Поднявшись наверх, Мона устало стянула с головы шляпку. Старая спальня казалась очень маленькой, но, как ни смешно, Мона едва не прыгала от счастья, снова оказавшись здесь. В глубине души она боялась, что мать поселит ее в комнате для гостей. Не глупо ли было хоть на миг вообразить, что такая мысль может прийти маме в голову?

В Аббатстве все держится на обычаях и традициях: можно уехать на много лет – и, вернувшись, никаких перемен не обнаружить. Вот и в ее девичьей спальне ровным счетом ничего не изменилось: даже все безделушки стояли на своих местах.

Мона оглядела комнату. Да-да, все точно как было. Даже на каминной полке по-прежнему стоит поросенок с гербом Брайтонов на спине! Кровать под ситцевым пологом, голубые шторы – кажется, чуть выцветшие, – туалетный столик и на нем голубая скатерть с оборками, серебряные подсвечники у кровати – ничто не забыто… и все неизменно.

«Вот и я дома, – сказала себе Мона, – и что ж, пока что очень этим довольна».

Просто счастье, что можно наконец расслабиться! Не блистать остроумием, не сиять наклеенной улыбкой под взглядами холодных расчетливых глаз, под прицелом безостановочно мелющих злых языков…

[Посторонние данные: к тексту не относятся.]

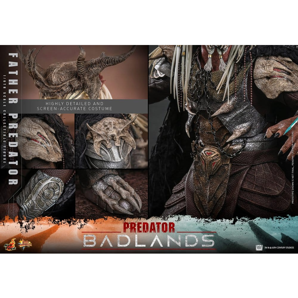 Father Predator Njohrr uit Predator Badlands is een 36cm hoge zeer gedetaileerde action figure uit de Hot Toys Movie Masterpiece serie. Father Predator Njohrr komt met veel extra handen, verschillende wristblades, wapen accessoires en masker. Zijn ogen zijn individueel van elkaar te bewegen en hij komt met verschillende kaken om zijn uiterlijk naar wens aan te passen. Father Predator Njohrr's outfit is deel van stof gemaakt en tot in de kleinste details nagemaakt. Uiteraard kan hij op veel punten bewegen.
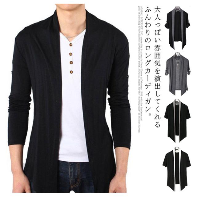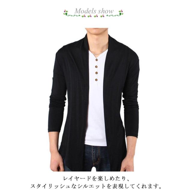 ロングカーディガン サマー カーディガン メンズ サマーニット カーデ 長袖 半袖 羽織 薄手 ストレッチ 襟付き トップス メンズファッション ロング丈 ゆったり スタイリッシュ 前開き 日焼け防止 レイヤード コーデ ジャケット 送料無料
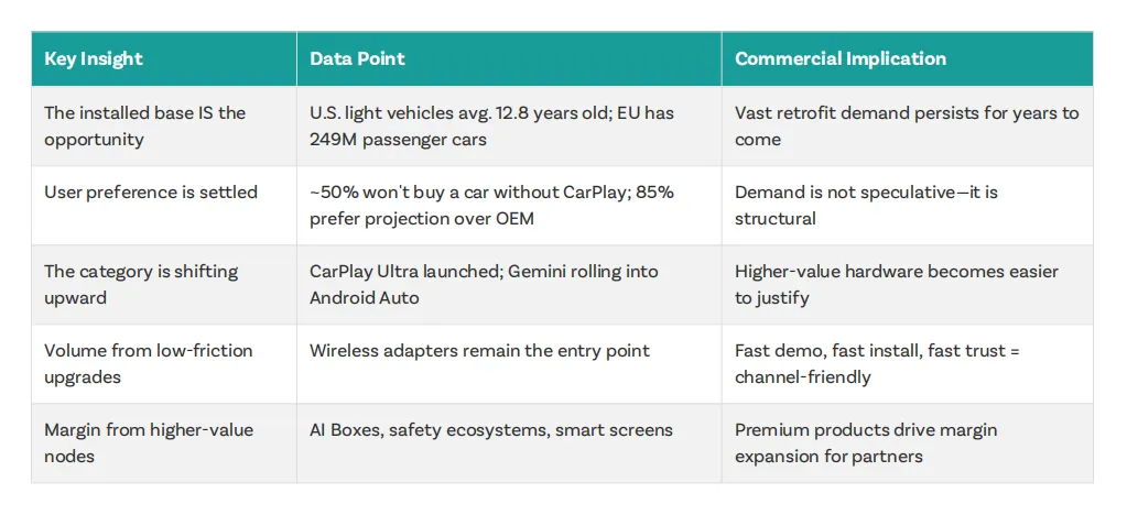 低退货率、低售后成本、易安装、高稳定,并与 CarPlay 生态高度同频。
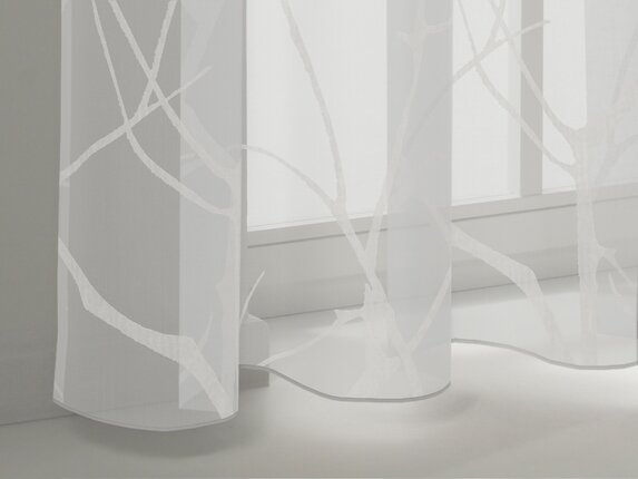 CANDICE is a prime example of how the art of printing can be combined with a timeless design. Inspired by nature, minimalistic bare branches embellish the delicate voile burn out fabric. An additional print effect on the branch structure accentuates the motif’s vibrancy. Its structured base fabric rounds off CANDICE’s profile, as it is low-maintenance when it comes to washing and ironing.
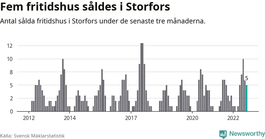 Mellan juli och september gjordes sammanlagt fem affärer med fritidshus i Storfors kommun. Det är lika många affärer som vid motsvarande tid i fjol.
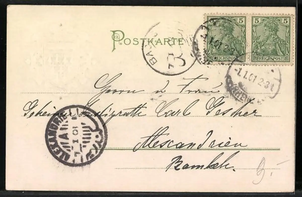 alte Ansichtskarte, gelaufen 1901, Bugspur rechts oben, guter Zustand
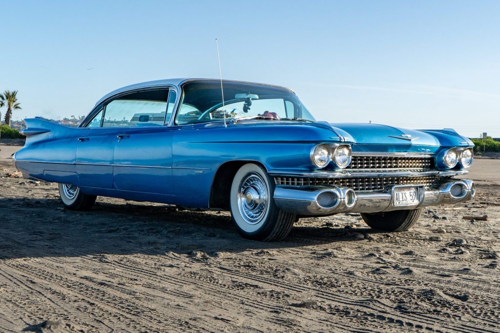 The steel wheels wear Cadillac Motor Division hubcaps, and they are mounted with L76–15 bias-ply whitewall tires. The Series 62 rode on a 130″ wheelbase for 1959 and featured an independent front suspension and a live rear axle with coil springs at all four corners. Power-assisted steering and four-wheel drum brakes were standard equipment.
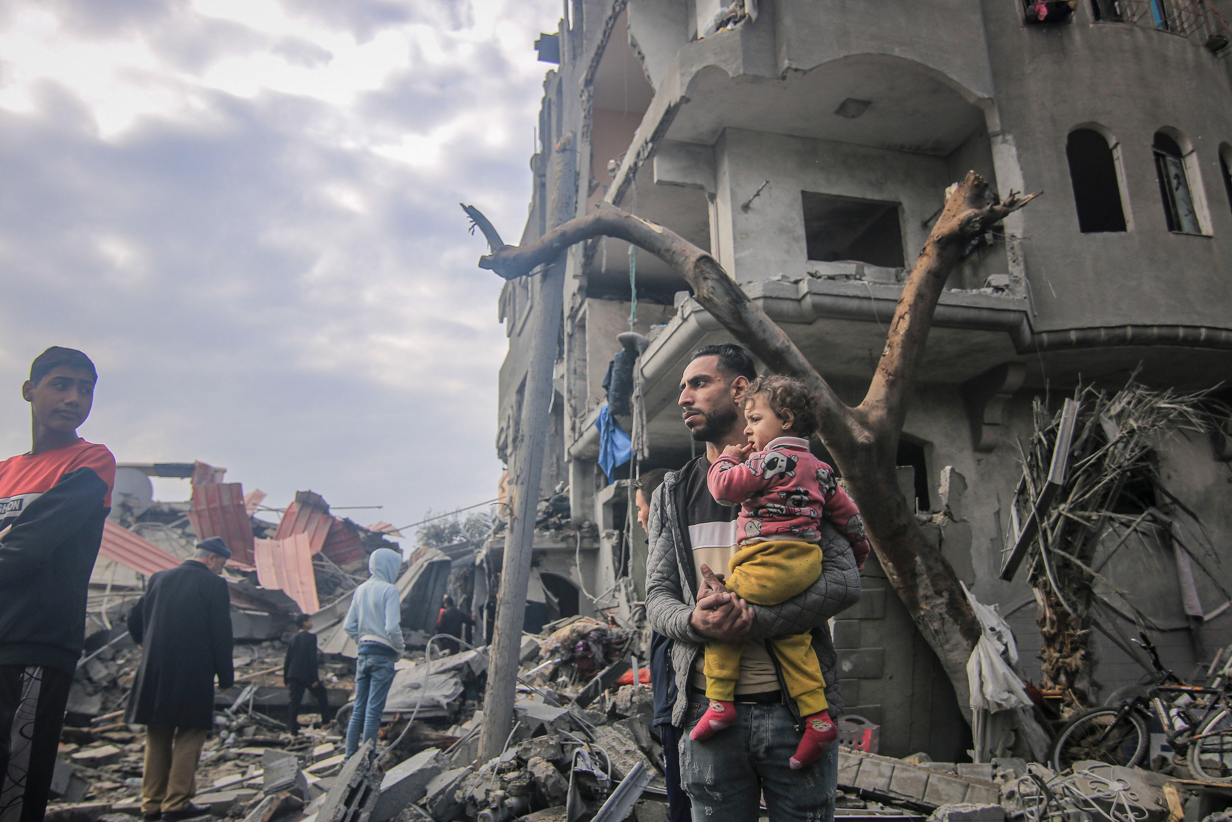 巴勒斯坦人在加沙中部Maghazi检查以色列轰炸摧毁的家园遗迹,日期为12月25日。

Вдруг ей отчаянно захотелось, чтобы этот дом, тихий и уютный, остался ее единственным домом. Захотелось снова стать деревенской девочкой. А ту, другую Мону – светскую, блистательную, утонченную – спрятать бы в шкаф вместе с норковой шубой и забыть о ней навсегда!

«Надо найти какую-нибудь подходящую одежду», – подумала она, вспомнив о горах шифона, бархата, шелков и каракуля, смиренно ждущих сейчас на станции, когда их привезут сюда в телеге для угля.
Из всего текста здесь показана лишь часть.